Vibrant and refined, Frank Stella’s Sinjerli III utilizes innovative organizational systems to unify form and color, making abstraction universally legible. Executed in 1967, the present work belongs to Stella’s Protractor series, which he began that year and which would dominate his artistic production until 1970. The series was inspired by a trip to Iran, and the circular urban plans of the ancient cities he visited. Each work in the series is titled after one of these ancient cities, combining the implied exoticism of semi-mythic ancient capitals with the quotidian protractor, creating a form that is at once familiar and new.
In Sinjerli III, the shape of the canvas dictates the composition. Each work in the Protractor series is classified based on the combination of arcs and line segments that make up the shape of its canvas. Sinjerli III is one of the earliest works in the series and captures Stella’s negotiation of the linear and curvilinear shaped canvas in his body of work. Within the series, there are three types denoted by the numerals which succeed the title of the work, with III indicating that the colors in the work should be arrayed in a “fan.” In the present work, this manifests in a system of framing units, each roughly inhabiting a quadrant of the surface. The quadrants are home to discrete spectra, each expanding out in linear rays from an implied vanishing point in the center of the composition.

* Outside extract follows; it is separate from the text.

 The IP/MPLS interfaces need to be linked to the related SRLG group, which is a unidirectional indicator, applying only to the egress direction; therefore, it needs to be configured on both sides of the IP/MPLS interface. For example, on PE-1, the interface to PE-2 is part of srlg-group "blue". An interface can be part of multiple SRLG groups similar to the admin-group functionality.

Just as the shape of the canvas is dictated by its place in a regimented series, the colors that occupy each quadrant in the work also imply a logic or system in their placement and juxtaposition. Each color is applied with a technical flatness, erasing evidence of the hand, and in the words of Stella, keeping “the paint as good as it was in the can” (Frank Stella in Sidney Guberman, Frank Stella: An Illustrated Biography, New York 1995, p. 62). Acting as a bridge between the earlier Abstract Expressionist movement of the 1950s and the Minimalists of the 1960s, Stella uses color contrasts as a proxy for gesture, employing unexpected combinations as conduits for his painterly energy and point of view. In the present work, the freneticism of a fluorescent yellow ray is subdued by the haziness of a pastel blush, and an effervescent red is cooled by successive bands of pinks and grays, creating a sense of force and movement that ebbs and flows throughout the canvas.

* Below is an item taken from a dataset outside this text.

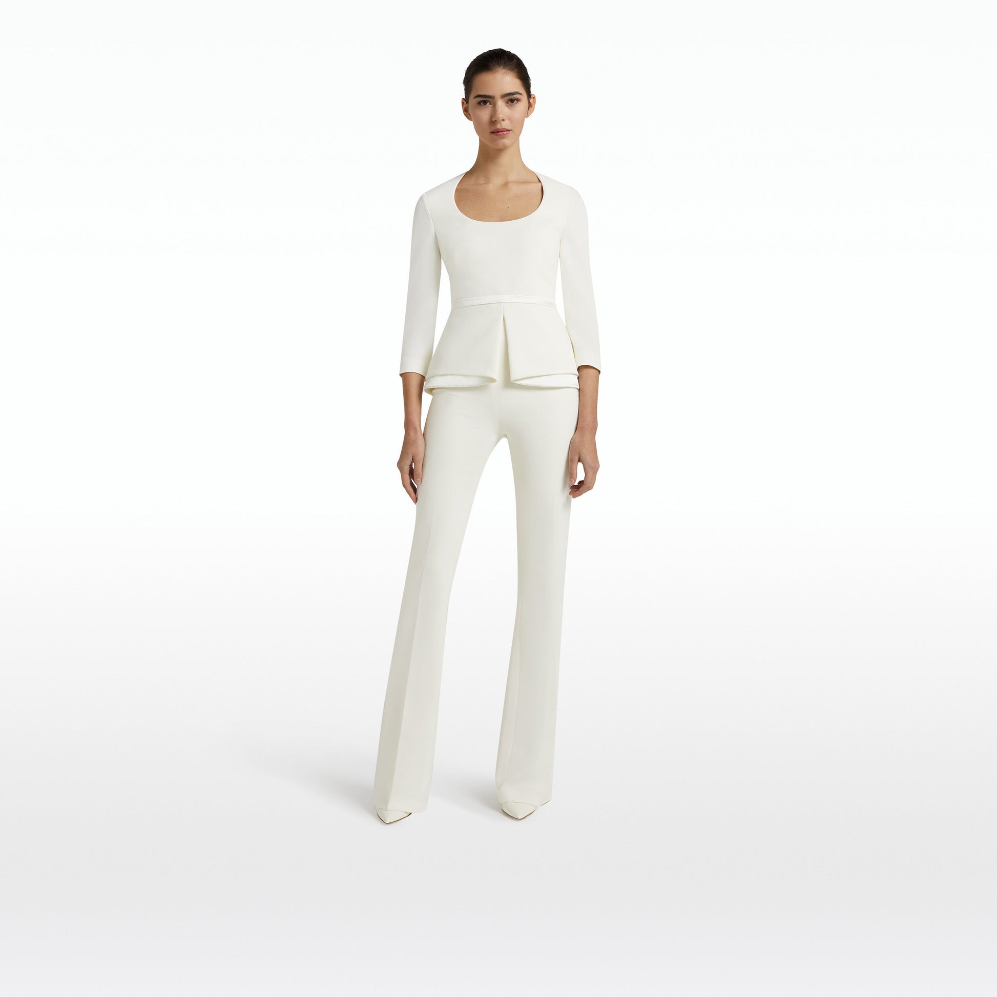 Foldover peplum top with sleeves and scooped round neck in ivory Heavy Crepe and Shine Satin.

Despite the rubrics which dictate the composition of Sinjerli III, the work defies the standard limits of abstraction, forming an arsenal of visual idioms that are widely accessible. Stella takes the geometry of Malevich and standardizes it, making it deeply comprehensible. Articulating his desire for the process by which his paintings should be understood, Stella stated that his works should be “direct—right to your eye, something that you didn’t have to look around—you got the whole thing right away” (ibid, p. 38). To achieve this aim, in Sinjerli III Stella engages with notions of the decorative and integrated those motifs into the discourse surrounding abstraction. He emphasizes what at first glance could appear as decorative could also be “strongly involved with pictorial problems and pictorial concerns that they’re not conventionally decorative in any way” (Frank Stella as quoted in Exh. Cat., Museum of Modern Art, Frank Stella, New York 1970, p. 149). Stella succeeded at this goal, and his series of Protractor paintings became as well-known and commercially sought after as any of Warhol’s paintings of Marilyn Monroe or Coca-Cola bottles. The Protractors were so ubiquitous in various printed matter and printed reproductions that master Conceptual painter John Baldessari used the likeness of one of Stella’s Protractor paintings for his own searingly intelligent and witty silkscreen version, adding the text “A 1968 PAINTING.” Baldessari’s appropriated painting is iconic of his own perennial questioning and radical re-evaluation of accepted notions of authorship, originality and aesthetic judgment, nearly mocking the success of Stella’s Protractors altogether. Indeed, of the Protractors Baldessari has said “[They] were…the essence of the clean, well-made, and broadly understood abstract painting. It was the perfect example of popular abstraction” (John Baldessari in Exh. Cat., New York, Whitney Museum of American Art, Frank Stella: A Retrospective, New York 2015, p. 28).